START Task data

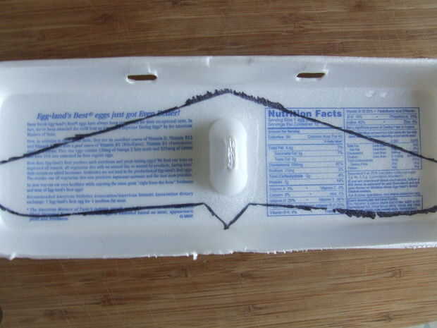 Corte el patrón hacia fuera y traza en el interior de la caja de cartón con un marcador. Con cuidado corte la vela con un cuchillo.
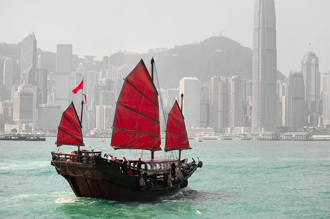 Гонконг. Aqua Luna – старинная пиратская лодка с сотканными вручную парусами.
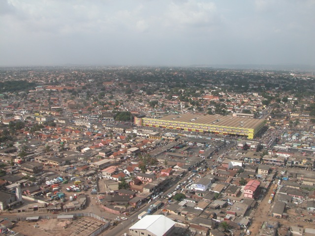 Ons kantoor in Accra Accra, met in het midden Kaneshie market
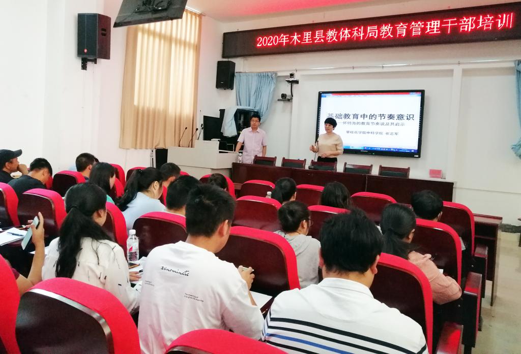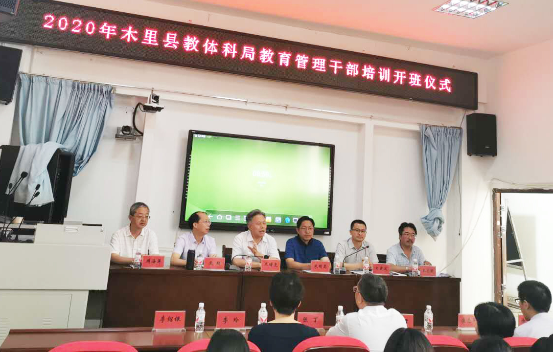 20日上午,王曙光一行和县委常委、副县长朱明高、县教体科局、教师培训中心负责人参加了在木里县教师培训与教研中心举行的“2020年木里县教体科局教育管理干部培训开班仪式”。王曙光发表讲话,他首先对长期奋斗在木里县基础教育基层一线的教师和教育工作者表示敬意,勉励参训教师努力学习,不断提升教育教学水平,为木里基础教育事业做出更大贡献;他要求各位培训专家,认真讲授、认真传业、认真指导,为有效提升木里县教师队伍业务素质和教育教学水平发挥积极作用。朱明高介绍了木里县教育系统的情况,希望参训教师把握好机会,认真学习领会教学内容,切实解决好教学中存在的难题,全面提升木里县教育水平。
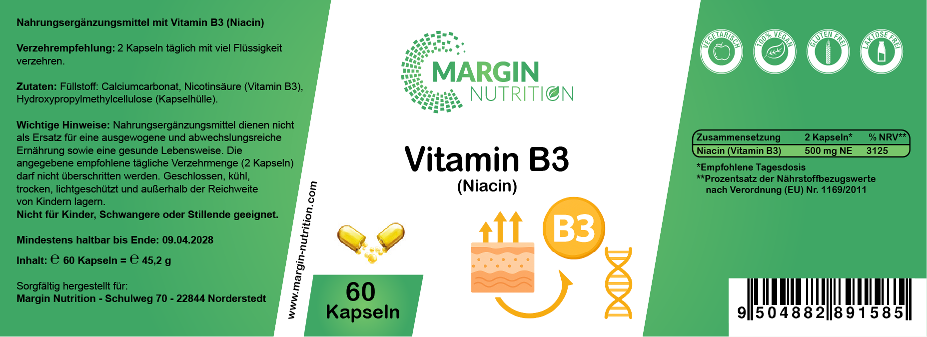 Vitamin B3 (Niacin) – Hochdosiert 500 mg NE pro Tagesdosis | 30, 60, 2×60, 3×60 vegane Kapseln

END Task data

== To do ==
The answer is the whole listing retyped exactly, with pictures omitted.

== Finished task ==
 Corte el patrón hacia fuera y traza en el interior de la caja de cartón con un marcador. Con cuidado corte la vela con un cuchillo.
 Гонконг. Aqua Luna – старинная пиратская лодка с сотканными вручную парусами.
 Ons kantoor in Accra Accra, met in het midden Kaneshie market
 20日上午,王曙光一行和县委常委、副县长朱明高、县教体科局、教师培训中心负责人参加了在木里县教师培训与教研中心举行的“2020年木里县教体科局教育管理干部培训开班仪式”。王曙光发表讲话,他首先对长期奋斗在木里县基础教育基层一线的教师和教育工作者表示敬意,勉励参训教师努力学习,不断提升教育教学水平,为木里基础教育事业做出更大贡献;他要求各位培训专家,认真讲授、认真传业、认真指导,为有效提升木里县教师队伍业务素质和教育教学水平发挥积极作用。朱明高介绍了木里县教育系统的情况,希望参训教师把握好机会,认真学习领会教学内容,切实解决好教学中存在的难题,全面提升木里县教育水平。
 Vitamin B3 (Niacin) – Hochdosiert 500 mg NE pro Tagesdosis | 30, 60, 2×60, 3×60 vegane Kapseln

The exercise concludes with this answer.